Separated – But Not from God’s Presence

We enter our third week of nearly complete separation from other people because of the Coronavirus. This is an unprecedented moment in our nation’s history as nearly all social and most commercial intercourse is curtailed. Our government calls for social distancing – no church, no school, no spectator sports or entertainment, no gatherings greater than ten. In public and commercial settings we are to separate ourselves by six feet. We have March Madness but without basketball.

While the virus separates us from one another and the rest of the world, it does not separate us from God. Jesus’ final words to the disciples were, “And behold, I am with you always, until the end of the age.” (Mt. 28:20)

Before his arrest, he told the disciples, “On that day [his resurrection] you will realize that I am in my Father and you are in me and I in you.” Later he says, “Whoever loves me will keep my word, and my Father will love him, and we will come to him and make our dwelling with him.”

Jesus promises to dwell in us if we love him and keep his word. We may be temporarily denied his presence in the Eucharist, but not his presence in us through the Holy Spirit.

In the Book of Revelation, Jesus reasserts this promise. “Behold, I stand at the door and knock. If anyone hears my voice and opens the door, I will enter his house and dine with him, and he with me.” (Rev. 3:20)
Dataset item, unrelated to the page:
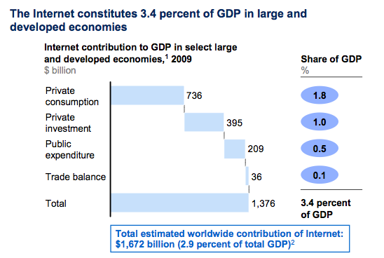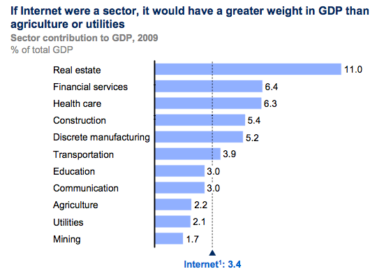 作为一个产业,互联网对于经济的贡献多于传统的矿产开采、公共工程、农业以及教育。在瑞典,过去五年里三分之一的增长与互联网产业的发展密不可分。在G8,这个平均水平为21%。麦肯锡研究了从上个世纪90年代中期到现在的情况,他们分析发现,互联网创造的就业机会比它摧毁的岗位要多出来两倍,这就有力的回击了很多人认为互联网将夺走人们就业机会的说法。

As we open the door of our hearts to Jesus, he promises to enter and take up residence. There are no qualifications or limitations to this statement. Wherever we are, whatever the circumstances, Jesus is available to us. What a promise! We can have a conversation with him just as we have a conversation with a loved one, a friend or colleague.
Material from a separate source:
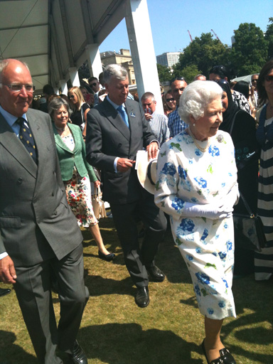 The Queen together with the Prince of Wales and the Duchess of Cornwall, Princess Anne, the Duke of York and other Royal Family members were all present. The afternoon held in glorious sunshine was thoroughly enjoyable with everyone endeavouring to speak to one of the Royal Party if requested so to do. It was reasonably informal with the royals walking around and stopping to talk to various warrant holders and guests. | |
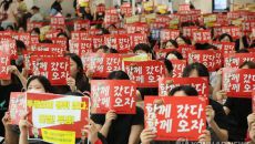 “허프 졸속매각 중단, 교섭 나서라”…한겨레 앞 시위 나선 자회사 노조

For many years I have been meeting with Jesus every morning for coffee. I read his word, share with him my concerns, ask for his help for various needs on behalf of my family, friends, and myself, and seek his guidance on various choices I face on daily basis.

Our family misses coming together with others for mass on Sundays and with other Christian friends on other occasions, but we are not separated from God’s presence in the midst of this present worldwide medical and economic crisis.

We cannot yet imagine how God will use and work during this time. As Paul says, “We know that all things work for good for those who love God, who are called according to his purpose.” (Romans 8:28)

How are you using this extraordinary time of restricted activity? Are you taking advantage of God’s presence? Are you taking time to open the door of your heart to him?